Application of metabolomics to the investigation of adaptive responses against stresses

Plants possess defense mechanisms against various stresses so they can adapt to unfavorable surroundings. Since the synthesis of specific metabolites is one of the most well-known defense reactions, the investigation of defense reactions with a metabolomics approach can help the holistic understanding of the strategies of plants against stresses. Sunlight is indispensable to all plants, except for several parasitic species, but ultra-violet (UV) light is a harmful element causing the oxidation of DNA and cellular components by the production of free radicals. Metabolome analysis of the UV-B response of wild-type Arabidopsis and mutants for flavonoid or sinapoyl malate revealed that the early metabolic responses only occurred at the level of primary metabolites, suggesting that these effectively prime the cell to facilitate the later production of UV-B-absorbing secondary metabolites, such as flavonoid and sinapoyl malate (Kusano et al. 2011c). In addition to abiotic stress, biotic stress is also a serious problem for plants. Ward and coworkers investigated the metabolic changes in Arabidopsis associated with the establishment of disease, and demonstrated clear differences in the metabolome of Arabidopsis leaves infected with virulent Pseudomonas syringae compared to uninfected leaves (Ward et al. 2010b). In addition to the confirmation of changes in phenolic and indolic compounds, they identified rapid alterations in the abundance of amino acids and other nitrogenous compounds, specific classes of glucosinolates, disaccharides, and molecules that influence the prevalence of reactive oxygen species. These reports suggest that comprehensive reprogramming of metabolic pathways is involved in the interaction of plants with stresses. Recently, many studies have examined the overall metabolic changes associated with biotic or abiotic stresses using metabolome analysis (Urano et al. 2009; Widodo et al. 2009; Chaouch et al. 2010; Consonni et al. 2010; Mhamdi et al. 2010; Simon et al. 2010).

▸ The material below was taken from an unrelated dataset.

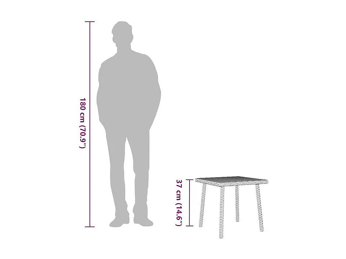 Table base de jardin rectangulaire marron 40x40x37 rotin

The discovery of biomarkers is also important to understand the defense reaction of plants, and it could help to determine the disease condition at the metabolite level, leading to the development of new drugs, early disease screening, and improved pest control. Biomarker discovery by metabolomics has been actively performed in the field of human metabolomics (Soga et al. 2006; Jansson et al. 2009; Koulman et al. 2009; Sreekumar et al. 2009). In such kind of studies, the unambiguous identification or annotation of most of the metabolites is not necessarily required if the discovered biomarkers are truly useful for early disease screening. Thus, the power of the technologies used in metabolomics may directly play an effective role in this field since we still expend considerable time on processing the information derived from many unknown metabolites obtained by metabolome analysis.